For the lines from the one with "Идеальная черная майка" to the end of the listing below, both ends included, give an exact copy and nothing more. Do not copy pictures.

__Input material__.
--------------------

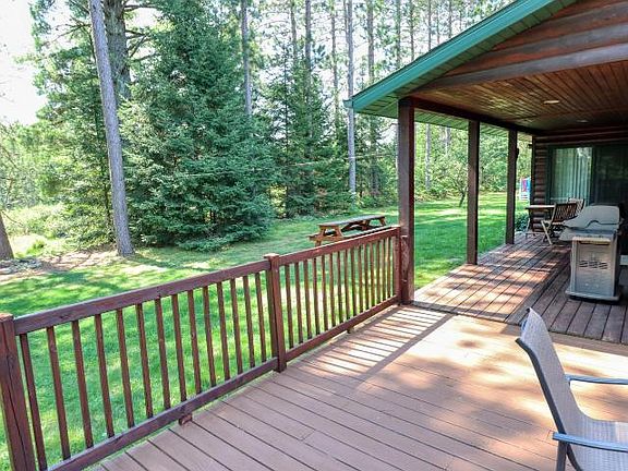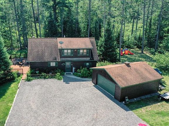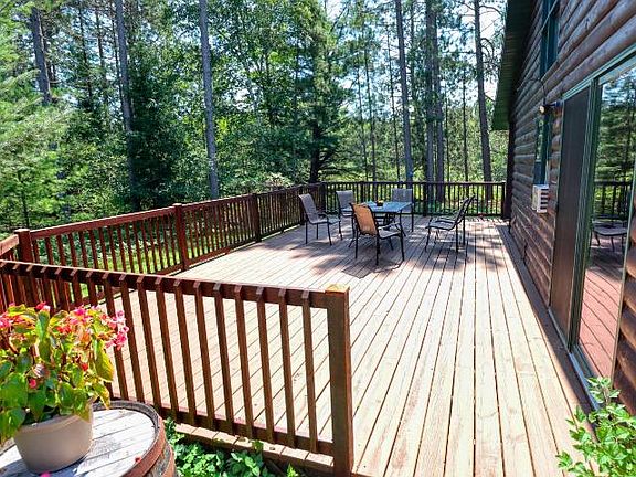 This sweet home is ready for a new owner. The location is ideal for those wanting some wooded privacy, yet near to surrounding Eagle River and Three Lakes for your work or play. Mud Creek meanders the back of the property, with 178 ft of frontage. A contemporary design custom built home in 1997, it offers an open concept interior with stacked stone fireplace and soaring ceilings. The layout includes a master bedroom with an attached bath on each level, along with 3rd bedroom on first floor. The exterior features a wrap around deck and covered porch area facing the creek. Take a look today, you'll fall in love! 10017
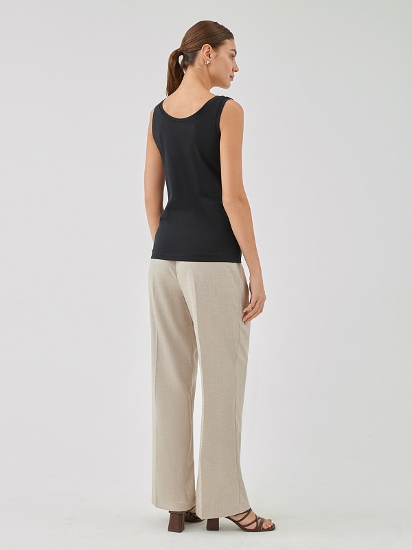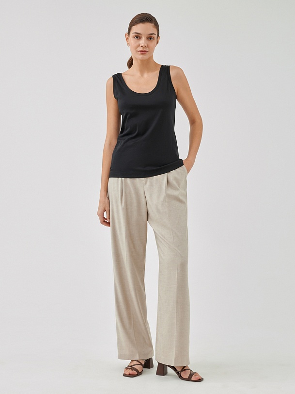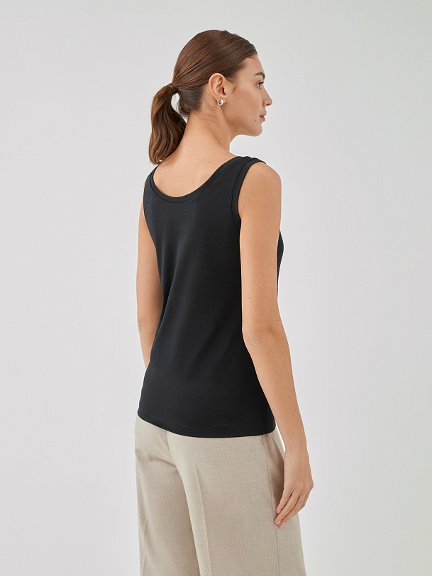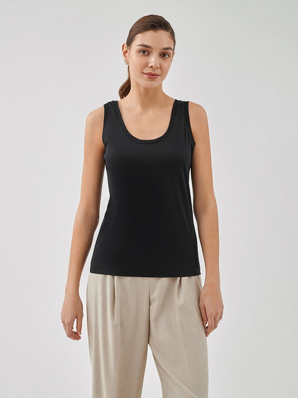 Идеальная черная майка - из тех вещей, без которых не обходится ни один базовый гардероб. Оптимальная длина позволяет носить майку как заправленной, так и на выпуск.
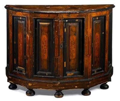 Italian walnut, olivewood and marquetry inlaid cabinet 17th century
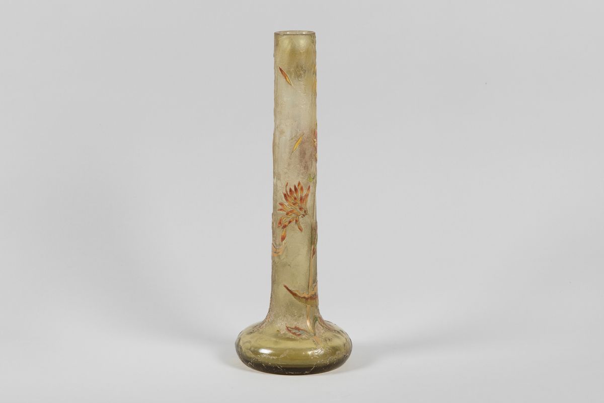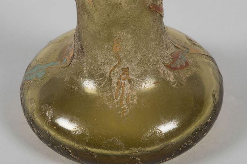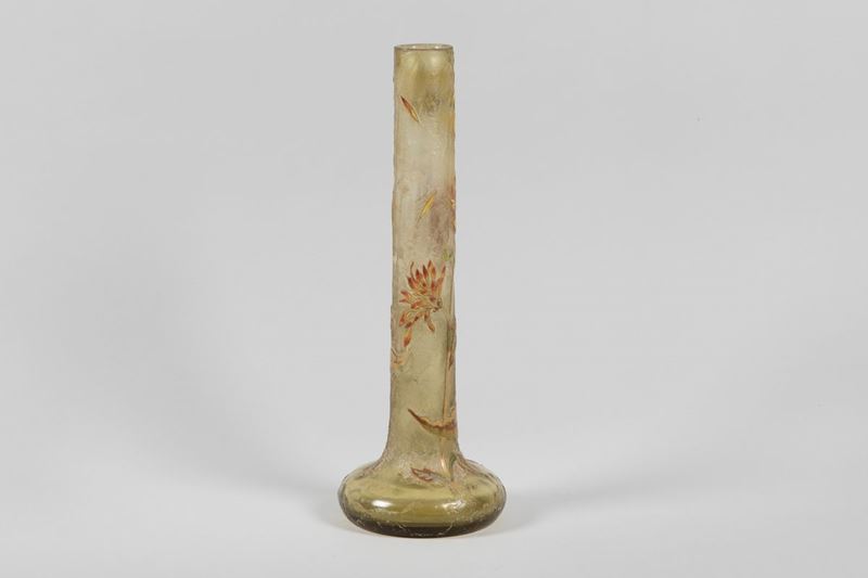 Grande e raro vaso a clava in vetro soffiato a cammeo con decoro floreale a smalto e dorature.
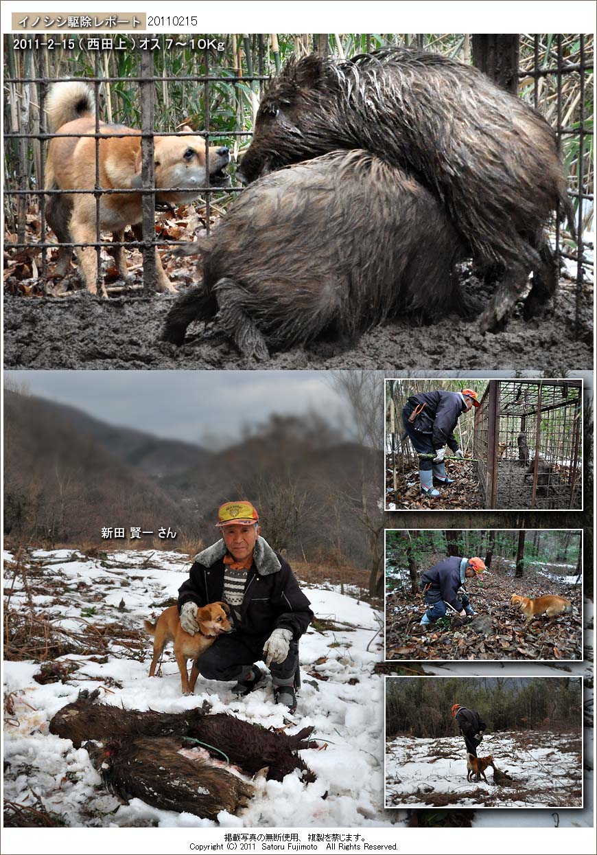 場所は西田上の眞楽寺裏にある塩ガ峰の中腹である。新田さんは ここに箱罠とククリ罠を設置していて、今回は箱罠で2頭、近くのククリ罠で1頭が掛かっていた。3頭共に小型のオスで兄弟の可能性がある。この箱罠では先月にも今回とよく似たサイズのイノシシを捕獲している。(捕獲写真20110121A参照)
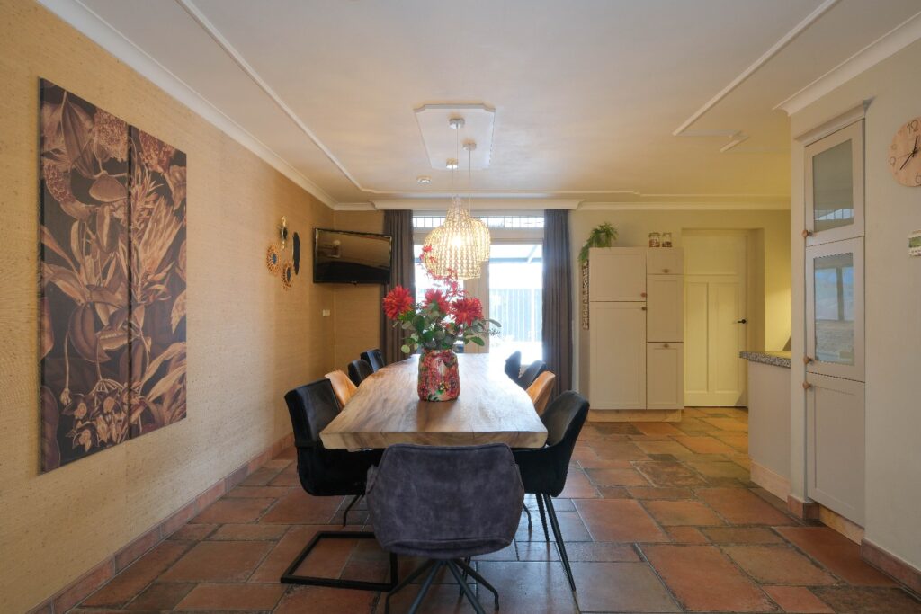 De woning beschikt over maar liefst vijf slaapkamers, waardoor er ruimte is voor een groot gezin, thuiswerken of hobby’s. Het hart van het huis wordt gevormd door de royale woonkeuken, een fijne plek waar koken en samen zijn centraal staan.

--------------------

__Task solution__.
 Идеальная черная майка - из тех вещей, без которых не обходится ни один базовый гардероб. Оптимальная длина позволяет носить майку как заправленной, так и на выпуск.
 Italian walnut, olivewood and marquetry inlaid cabinet 17th century
 Grande e raro vaso a clava in vetro soffiato a cammeo con decoro floreale a smalto e dorature.
 場所は西田上の眞楽寺裏にある塩ガ峰の中腹である。新田さんは ここに箱罠とククリ罠を設置していて、今回は箱罠で2頭、近くのククリ罠で1頭が掛かっていた。3頭共に小型のオスで兄弟の可能性がある。この箱罠では先月にも今回とよく似たサイズのイノシシを捕獲している。(捕獲写真20110121A参照)
 De woning beschikt over maar liefst vijf slaapkamers, waardoor er ruimte is voor een groot gezin, thuiswerken of hobby’s. Het hart van het huis wordt gevormd door de royale woonkeuken, een fijne plek waar koken en samen zijn centraal staan.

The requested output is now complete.